BEGIN
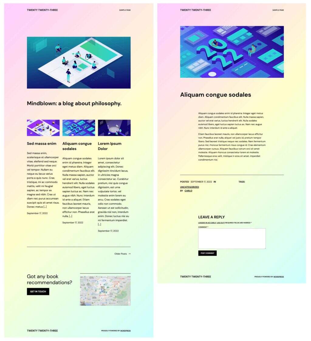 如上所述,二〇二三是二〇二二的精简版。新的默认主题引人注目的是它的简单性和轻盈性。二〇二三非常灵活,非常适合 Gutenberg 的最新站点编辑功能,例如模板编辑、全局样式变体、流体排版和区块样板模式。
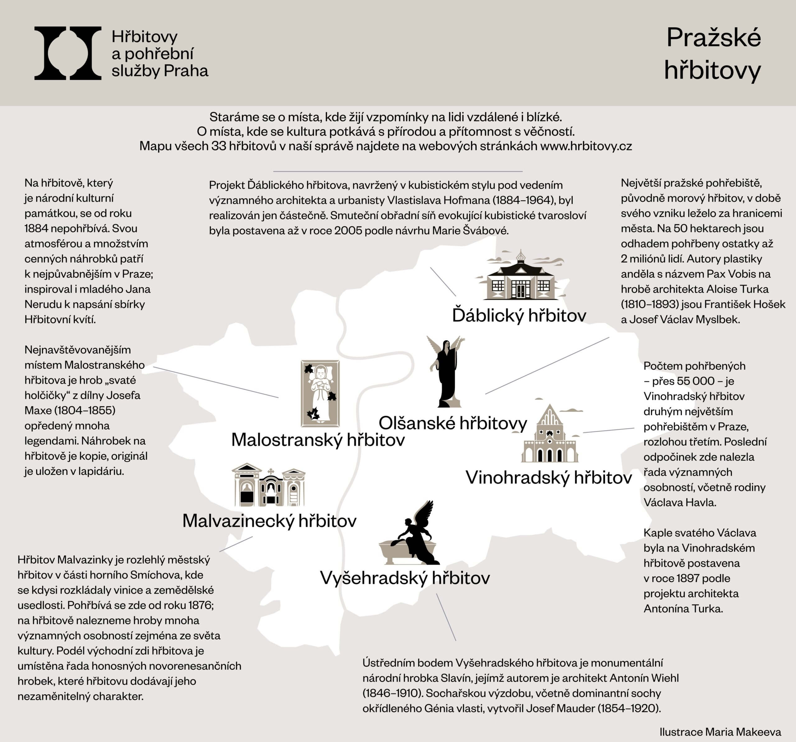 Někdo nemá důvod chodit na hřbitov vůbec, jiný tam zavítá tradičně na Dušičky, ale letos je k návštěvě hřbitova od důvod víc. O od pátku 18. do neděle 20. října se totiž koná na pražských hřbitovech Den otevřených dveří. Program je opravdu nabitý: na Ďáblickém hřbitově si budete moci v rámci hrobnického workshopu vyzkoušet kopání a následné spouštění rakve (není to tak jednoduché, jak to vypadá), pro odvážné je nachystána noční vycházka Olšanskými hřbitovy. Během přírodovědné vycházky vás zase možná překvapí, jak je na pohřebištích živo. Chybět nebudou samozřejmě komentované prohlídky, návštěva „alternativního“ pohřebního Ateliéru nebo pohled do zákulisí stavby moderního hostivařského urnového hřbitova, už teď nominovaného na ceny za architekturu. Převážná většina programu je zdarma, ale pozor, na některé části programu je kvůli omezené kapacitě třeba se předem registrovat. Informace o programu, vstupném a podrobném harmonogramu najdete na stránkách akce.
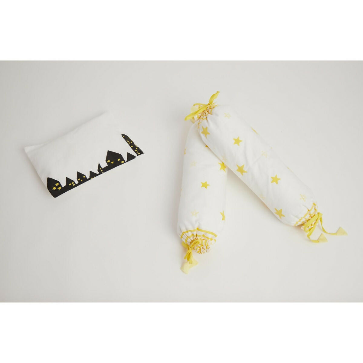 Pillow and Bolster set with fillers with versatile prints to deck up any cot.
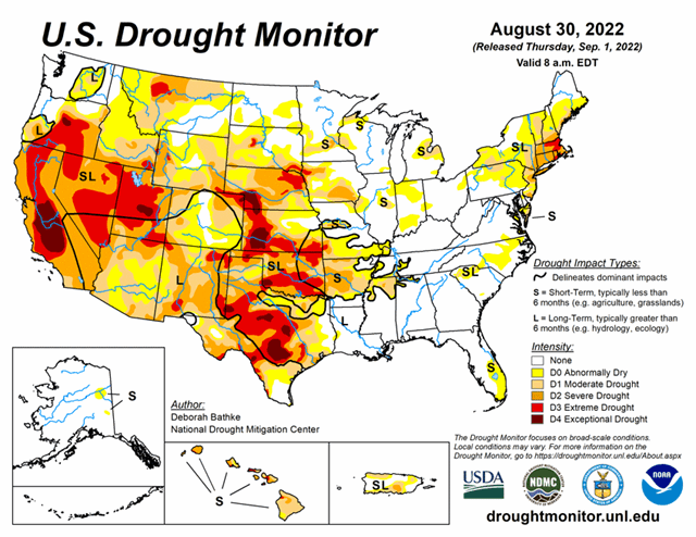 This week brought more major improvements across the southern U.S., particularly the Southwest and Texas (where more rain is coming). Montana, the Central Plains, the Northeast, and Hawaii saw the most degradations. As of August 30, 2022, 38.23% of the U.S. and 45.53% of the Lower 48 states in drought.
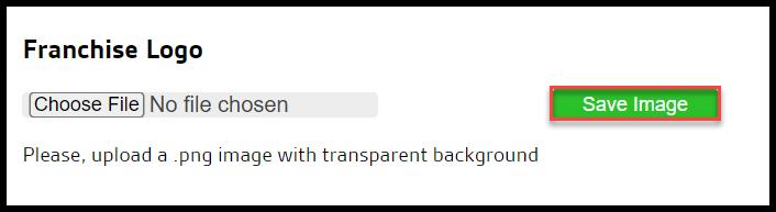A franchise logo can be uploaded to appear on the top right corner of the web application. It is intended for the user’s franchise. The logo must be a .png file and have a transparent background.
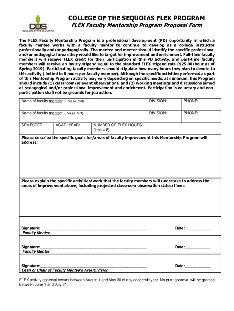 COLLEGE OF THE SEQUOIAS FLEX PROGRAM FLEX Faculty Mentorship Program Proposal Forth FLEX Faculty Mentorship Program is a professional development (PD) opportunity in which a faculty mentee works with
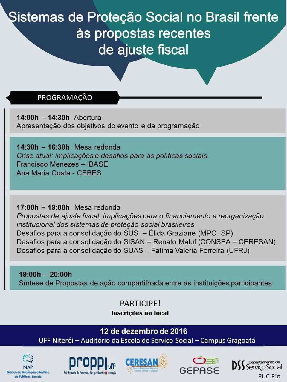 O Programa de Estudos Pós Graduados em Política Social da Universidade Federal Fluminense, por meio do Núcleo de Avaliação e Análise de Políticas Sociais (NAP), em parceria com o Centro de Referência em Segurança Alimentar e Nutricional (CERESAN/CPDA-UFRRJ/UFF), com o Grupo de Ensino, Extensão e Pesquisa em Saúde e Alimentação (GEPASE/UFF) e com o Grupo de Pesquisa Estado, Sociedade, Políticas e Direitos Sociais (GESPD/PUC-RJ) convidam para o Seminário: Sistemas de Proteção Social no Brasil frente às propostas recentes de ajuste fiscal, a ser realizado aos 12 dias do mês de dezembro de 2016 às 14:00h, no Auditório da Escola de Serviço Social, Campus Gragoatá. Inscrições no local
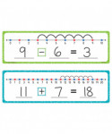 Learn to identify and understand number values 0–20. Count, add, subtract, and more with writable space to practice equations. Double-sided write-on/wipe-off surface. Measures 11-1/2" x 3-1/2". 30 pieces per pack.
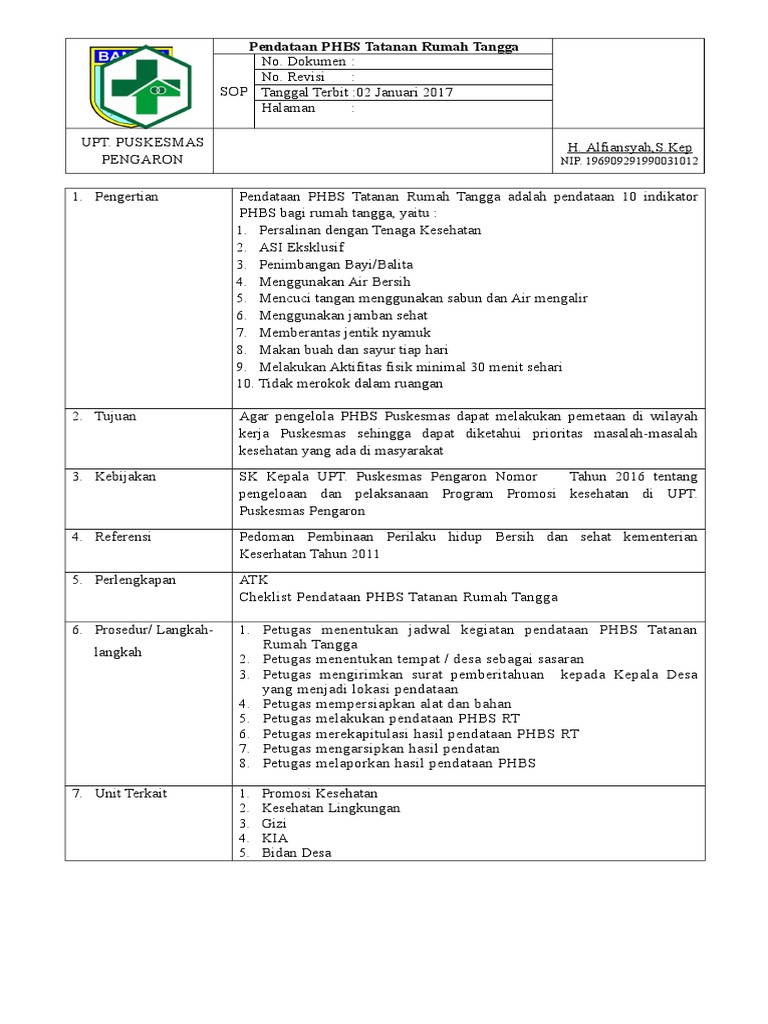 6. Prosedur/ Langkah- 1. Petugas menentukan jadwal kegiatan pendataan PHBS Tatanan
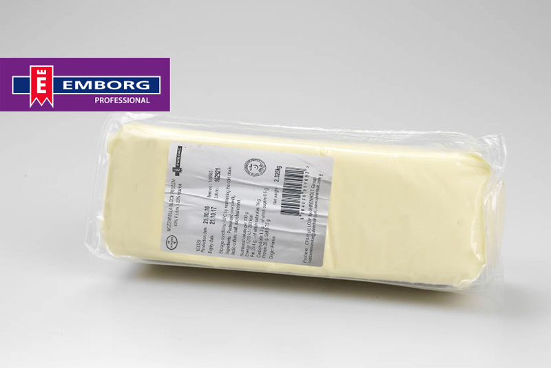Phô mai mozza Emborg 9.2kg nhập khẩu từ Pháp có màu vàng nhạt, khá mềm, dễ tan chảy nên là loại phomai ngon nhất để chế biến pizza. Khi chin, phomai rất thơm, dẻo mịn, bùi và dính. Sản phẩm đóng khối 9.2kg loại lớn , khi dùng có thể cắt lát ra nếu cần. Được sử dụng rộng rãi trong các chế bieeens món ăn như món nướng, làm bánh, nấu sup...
END
## Task brief
Leave the pictures out and print every record exactly.

## Completed exercise
 如上所述,二〇二三是二〇二二的精简版。新的默认主题引人注目的是它的简单性和轻盈性。二〇二三非常灵活,非常适合 Gutenberg 的最新站点编辑功能,例如模板编辑、全局样式变体、流体排版和区块样板模式。
 Někdo nemá důvod chodit na hřbitov vůbec, jiný tam zavítá tradičně na Dušičky, ale letos je k návštěvě hřbitova od důvod víc. O od pátku 18. do neděle 20. října se totiž koná na pražských hřbitovech Den otevřených dveří. Program je opravdu nabitý: na Ďáblickém hřbitově si budete moci v rámci hrobnického workshopu vyzkoušet kopání a následné spouštění rakve (není to tak jednoduché, jak to vypadá), pro odvážné je nachystána noční vycházka Olšanskými hřbitovy. Během přírodovědné vycházky vás zase možná překvapí, jak je na pohřebištích živo. Chybět nebudou samozřejmě komentované prohlídky, návštěva „alternativního“ pohřebního Ateliéru nebo pohled do zákulisí stavby moderního hostivařského urnového hřbitova, už teď nominovaného na ceny za architekturu. Převážná většina programu je zdarma, ale pozor, na některé části programu je kvůli omezené kapacitě třeba se předem registrovat. Informace o programu, vstupném a podrobném harmonogramu najdete na stránkách akce.
 Pillow and Bolster set with fillers with versatile prints to deck up any cot.
 This week brought more major improvements across the southern U.S., particularly the Southwest and Texas (where more rain is coming). Montana, the Central Plains, the Northeast, and Hawaii saw the most degradations. As of August 30, 2022, 38.23% of the U.S. and 45.53% of the Lower 48 states in drought.
A franchise logo can be uploaded to appear on the top right corner of the web application. It is intended for the user’s franchise. The logo must be a .png file and have a transparent background.
 COLLEGE OF THE SEQUOIAS FLEX PROGRAM FLEX Faculty Mentorship Program Proposal Forth FLEX Faculty Mentorship Program is a professional development (PD) opportunity in which a faculty mentee works with
 O Programa de Estudos Pós Graduados em Política Social da Universidade Federal Fluminense, por meio do Núcleo de Avaliação e Análise de Políticas Sociais (NAP), em parceria com o Centro de Referência em Segurança Alimentar e Nutricional (CERESAN/CPDA-UFRRJ/UFF), com o Grupo de Ensino, Extensão e Pesquisa em Saúde e Alimentação (GEPASE/UFF) e com o Grupo de Pesquisa Estado, Sociedade, Políticas e Direitos Sociais (GESPD/PUC-RJ) convidam para o Seminário: Sistemas de Proteção Social no Brasil frente às propostas recentes de ajuste fiscal, a ser realizado aos 12 dias do mês de dezembro de 2016 às 14:00h, no Auditório da Escola de Serviço Social, Campus Gragoatá. Inscrições no local
 Learn to identify and understand number values 0–20. Count, add, subtract, and more with writable space to practice equations. Double-sided write-on/wipe-off surface. Measures 11-1/2" x 3-1/2". 30 pieces per pack.
 6. Prosedur/ Langkah- 1. Petugas menentukan jadwal kegiatan pendataan PHBS Tatanan
Phô mai mozza Emborg 9.2kg nhập khẩu từ Pháp có màu vàng nhạt, khá mềm, dễ tan chảy nên là loại phomai ngon nhất để chế biến pizza. Khi chin, phomai rất thơm, dẻo mịn, bùi và dính. Sản phẩm đóng khối 9.2kg loại lớn , khi dùng có thể cắt lát ra nếu cần. Được sử dụng rộng rãi trong các chế bieeens món ăn như món nướng, làm bánh, nấu sup...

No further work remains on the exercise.